__RECORDS__.

——

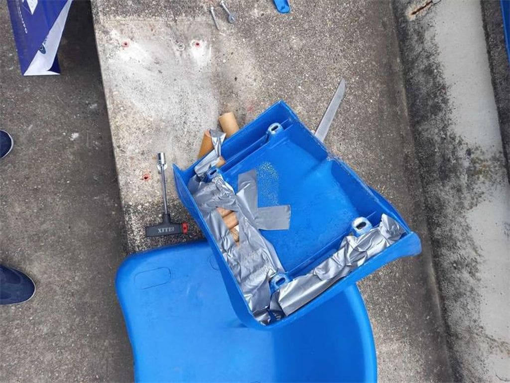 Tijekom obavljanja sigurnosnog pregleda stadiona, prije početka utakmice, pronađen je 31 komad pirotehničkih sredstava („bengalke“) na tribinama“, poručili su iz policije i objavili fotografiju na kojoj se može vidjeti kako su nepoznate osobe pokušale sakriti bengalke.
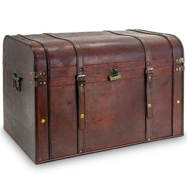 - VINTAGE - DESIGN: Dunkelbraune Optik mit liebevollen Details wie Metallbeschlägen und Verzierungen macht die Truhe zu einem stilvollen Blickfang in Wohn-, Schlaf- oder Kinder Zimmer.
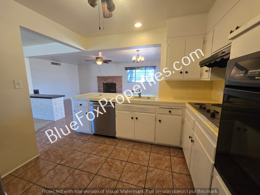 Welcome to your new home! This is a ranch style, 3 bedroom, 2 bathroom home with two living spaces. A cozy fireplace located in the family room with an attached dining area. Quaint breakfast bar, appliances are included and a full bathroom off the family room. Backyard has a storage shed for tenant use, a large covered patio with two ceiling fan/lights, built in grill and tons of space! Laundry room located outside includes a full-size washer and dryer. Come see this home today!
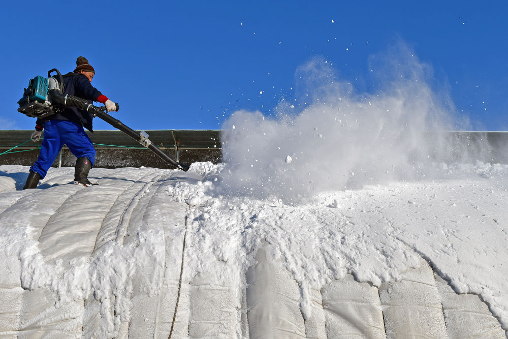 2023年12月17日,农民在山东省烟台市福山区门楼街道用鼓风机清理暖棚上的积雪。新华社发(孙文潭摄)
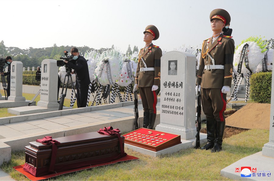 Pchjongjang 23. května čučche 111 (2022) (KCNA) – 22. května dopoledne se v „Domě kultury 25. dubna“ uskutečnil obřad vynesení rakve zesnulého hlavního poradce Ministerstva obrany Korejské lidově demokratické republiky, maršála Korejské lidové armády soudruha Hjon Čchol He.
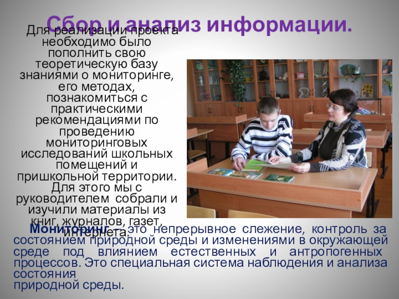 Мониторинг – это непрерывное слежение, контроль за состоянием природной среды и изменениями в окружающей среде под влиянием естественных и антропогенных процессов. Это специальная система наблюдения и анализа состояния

——

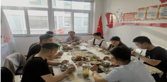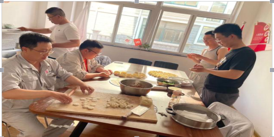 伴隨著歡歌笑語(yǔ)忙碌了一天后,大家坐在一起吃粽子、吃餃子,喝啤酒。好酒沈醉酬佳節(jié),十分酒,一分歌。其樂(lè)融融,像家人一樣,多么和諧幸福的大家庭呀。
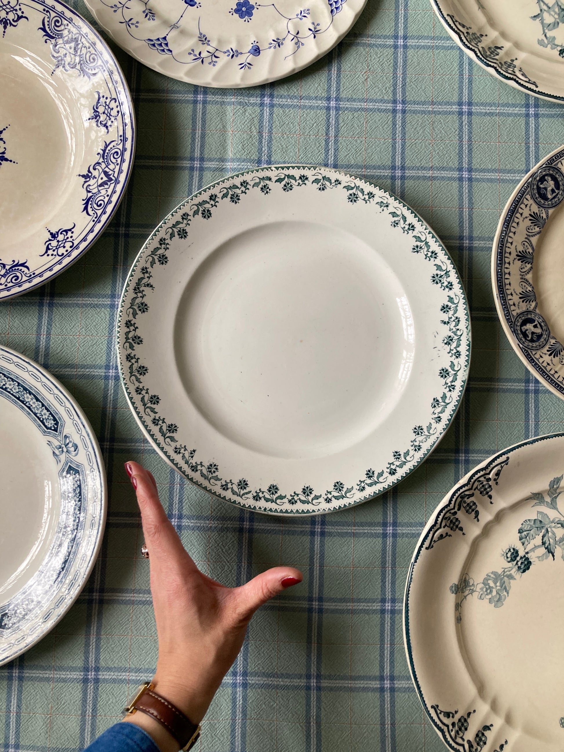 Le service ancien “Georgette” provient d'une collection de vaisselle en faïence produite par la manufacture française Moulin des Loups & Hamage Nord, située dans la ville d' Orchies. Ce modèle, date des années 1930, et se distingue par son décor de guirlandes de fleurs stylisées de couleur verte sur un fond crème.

——

__GOAL OF THE EXERCISE__.
Reproduce exactly the lines of the data above that run from the line with "Tijekom obavljanja sigurnosnog" down to the line with "Мониторинг – это", both ends included. Pictures do not belong in the copy.

__OUTPUT__.
 Tijekom obavljanja sigurnosnog pregleda stadiona, prije početka utakmice, pronađen je 31 komad pirotehničkih sredstava („bengalke“) na tribinama“, poručili su iz policije i objavili fotografiju na kojoj se može vidjeti kako su nepoznate osobe pokušale sakriti bengalke.
 - VINTAGE - DESIGN: Dunkelbraune Optik mit liebevollen Details wie Metallbeschlägen und Verzierungen macht die Truhe zu einem stilvollen Blickfang in Wohn-, Schlaf- oder Kinder Zimmer.
 Welcome to your new home! This is a ranch style, 3 bedroom, 2 bathroom home with two living spaces. A cozy fireplace located in the family room with an attached dining area. Quaint breakfast bar, appliances are included and a full bathroom off the family room. Backyard has a storage shed for tenant use, a large covered patio with two ceiling fan/lights, built in grill and tons of space! Laundry room located outside includes a full-size washer and dryer. Come see this home today!
 2023年12月17日,农民在山东省烟台市福山区门楼街道用鼓风机清理暖棚上的积雪。新华社发(孙文潭摄)
 Pchjongjang 23. května čučche 111 (2022) (KCNA) – 22. května dopoledne se v „Domě kultury 25. dubna“ uskutečnil obřad vynesení rakve zesnulého hlavního poradce Ministerstva obrany Korejské lidově demokratické republiky, maršála Korejské lidové armády soudruha Hjon Čchol He.
 Мониторинг – это непрерывное слежение, контроль за состоянием природной среды и изменениями в окружающей среде под влиянием естественных и антропогенных процессов. Это специальная система наблюдения и анализа состояния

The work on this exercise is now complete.